Step 7: Validate Improvements with Real Measurements

Two practical checks:

  • Run the optimized query several times and measure latency in your app (not just locally).
  • Compare query plans before/after and verify the chosen index is used.

Optionally, you can inspect runtime details with:

EXPLAIN ANALYZE SELECT id, customer_id, status, created_at FROM orders WHERE customer_id = 123 AND status = 'paid' ORDER BY created_at DESC, id DESC LIMIT 20;

EXPLAIN ANALYZE (MySQL 8+) shows actual timing and row counts, which is incredibly useful when the optimizer estimates are off.

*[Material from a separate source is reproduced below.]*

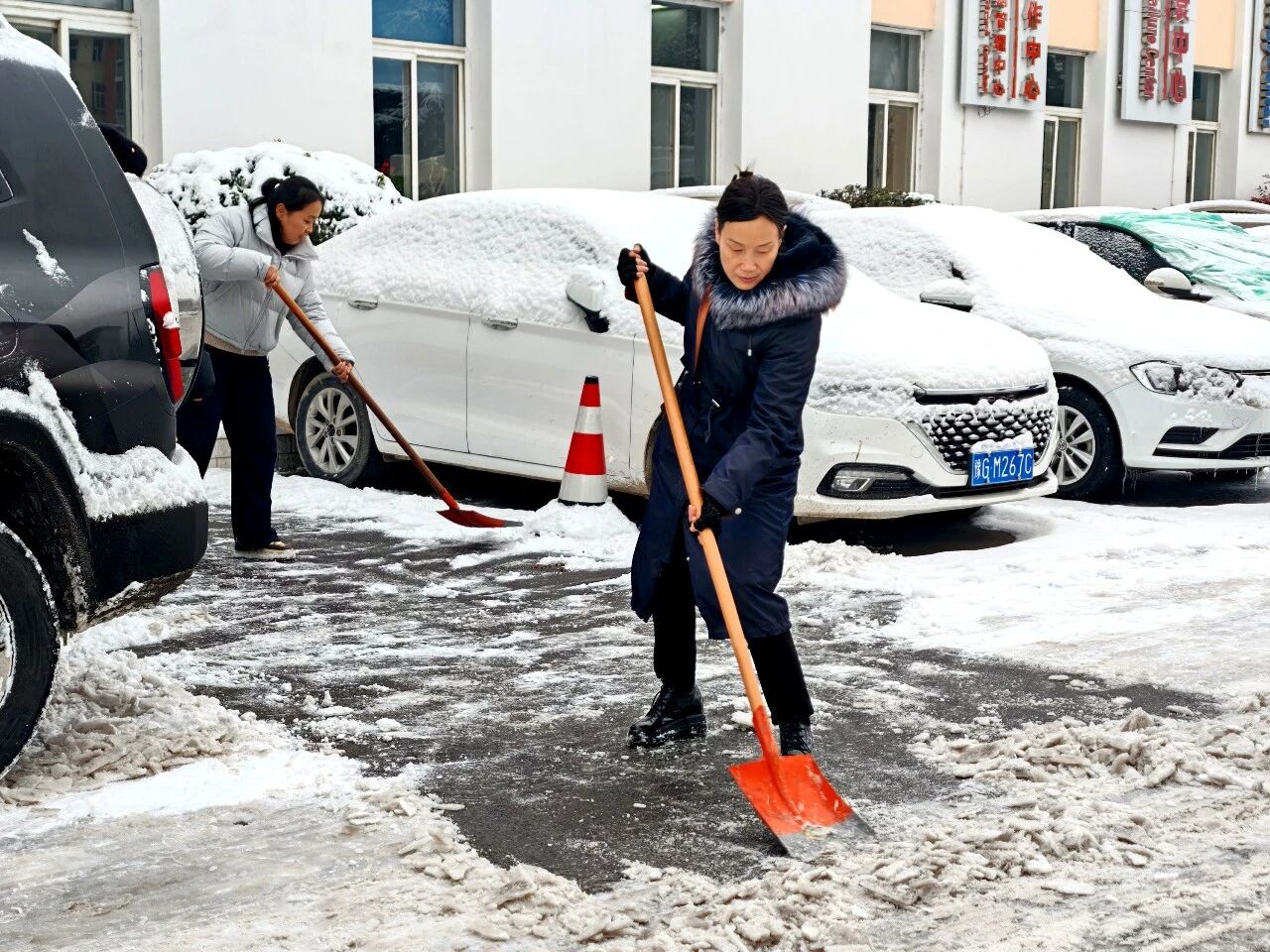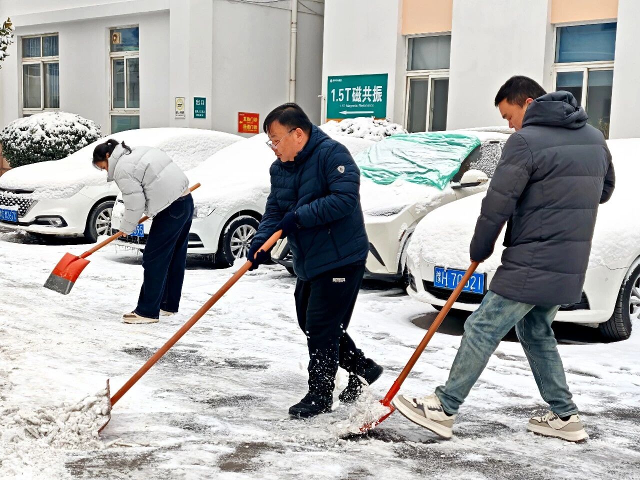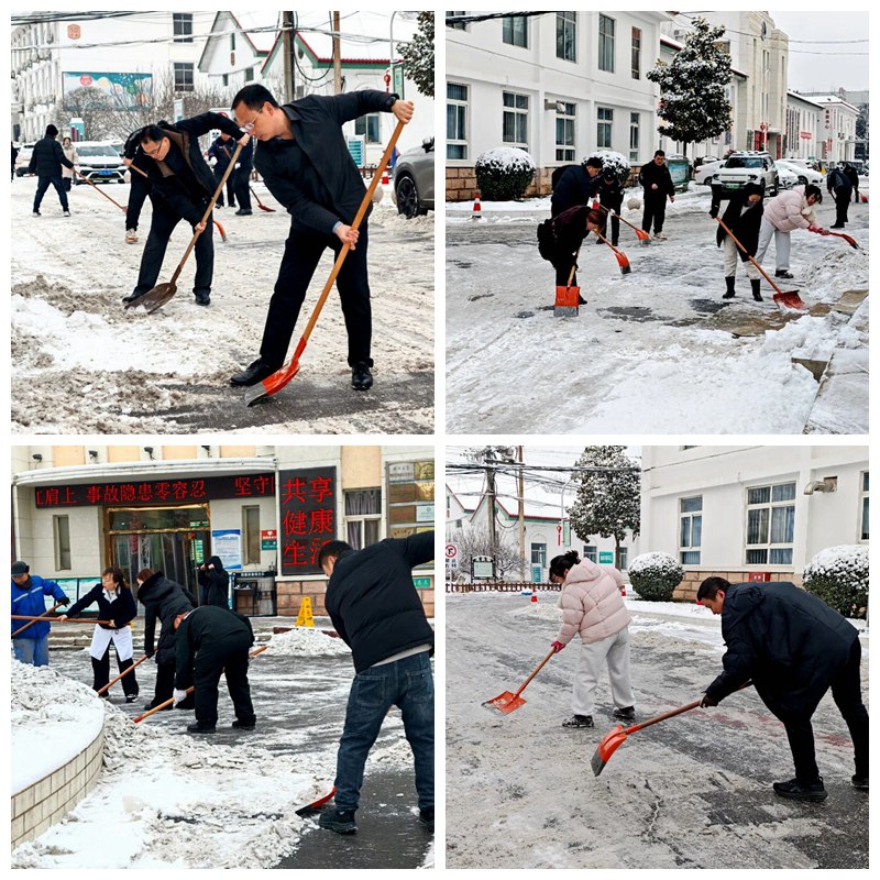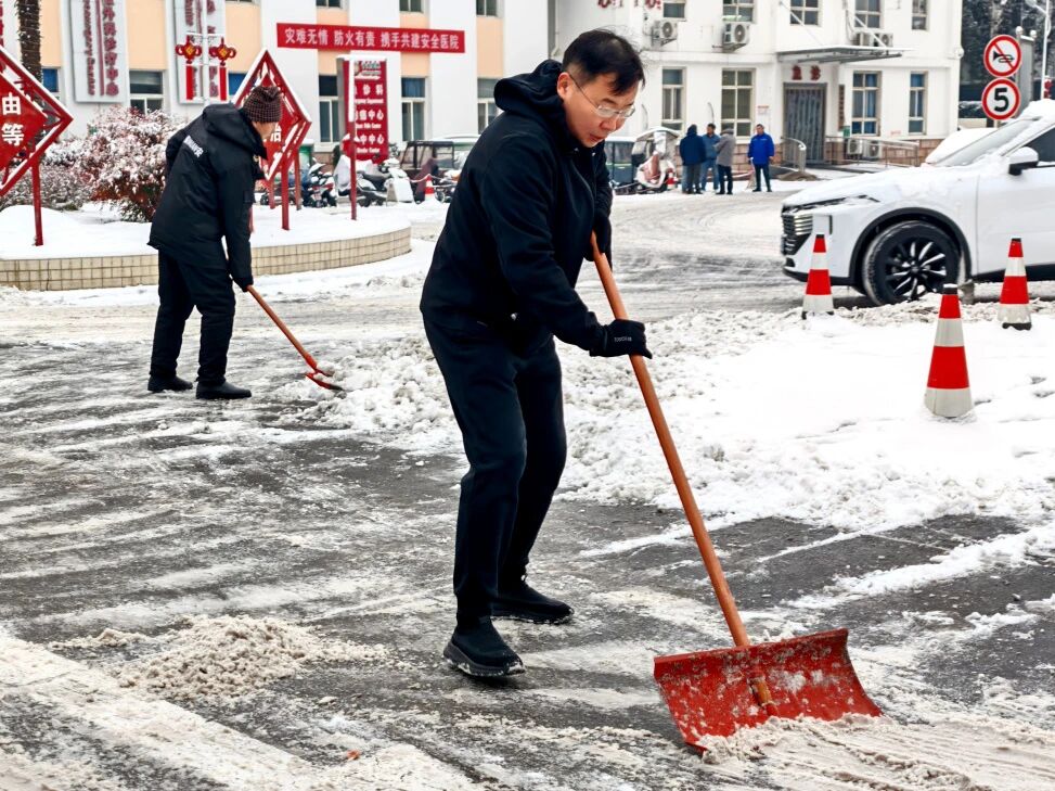 冒着凛冽的寒风,大家迅速集结、现场分工,有序拿起铁锹、扫帚、雪铲等工具,齐心协力、配合默契,有的弯腰用铁锹撬起结冰的路面,有的手持扫帚清扫残余积雪,合力将成堆的积雪清运至指定区域,确保不留一处死角、不存一处隐患。经过近两个小时的奋力协作,院区主干道积雪被基本清除,为前来就诊的患者开辟出了一条“暖心通道”。同时,在坡道等易滑区域铺设防滑地毯,方便患者及家属清理脚底积雪,最大程度降低滑倒风险。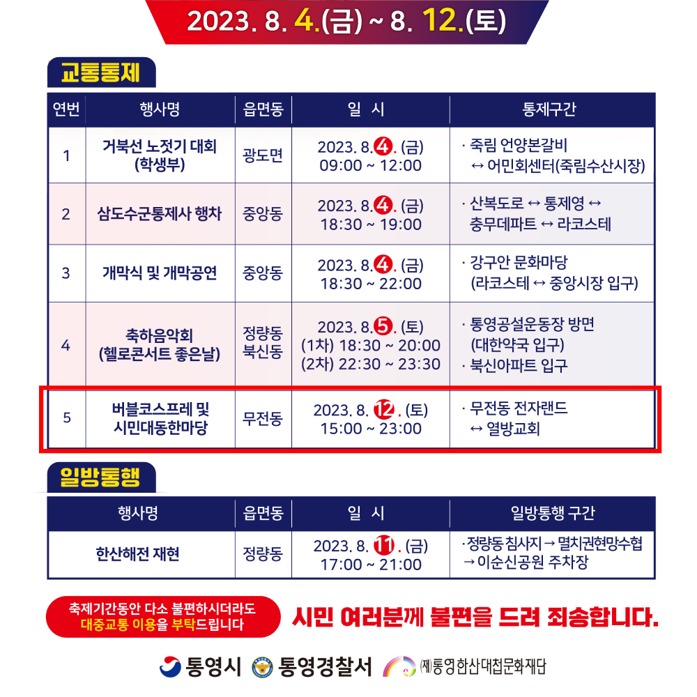 [축제]제62회 통영한산대첩축제 교통통제 안내

Quick Checklist for Junior/Mid Devs

  • Start with the query. Don’t tune random server settings until you’ve fixed obvious query/index issues.
  • Index for patterns, not columns. Composite indexes should match WHERE then ORDER BY.
  • Avoid deep OFFSET pagination. Use seek pagination with a stable sort (created_at + id).
  • Kill N+1 at the database level. Prefer joins + aggregation over per-row subqueries.
  • Keep indexes lean. Every new index speeds reads but costs writes and storage.

Putting It Together: A Fast, Production-Friendly List Query

Final version combining the main ideas:

-- Indexes: -- orders(customer_id, status, created_at, id) -- order_items(order_id) SELECT o.id, o.customer_id, o.status, o.created_at, COUNT(oi.id) AS items_count FROM orders o LEFT JOIN order_items oi ON oi.order_id = o.id WHERE o.customer_id = 123 AND o.status = 'paid' AND ( o.created_at < :cursor_created_at OR (o.created_at = :cursor_created_at AND o.id < :cursor_id) ) GROUP BY o.id, o.customer_id, o.status, o.created_at ORDER BY o.created_at DESC, o.id DESC LIMIT 20;

With the right indexes, this pattern is stable under growth: deep navigation stays fast, and the database does predictable work per page.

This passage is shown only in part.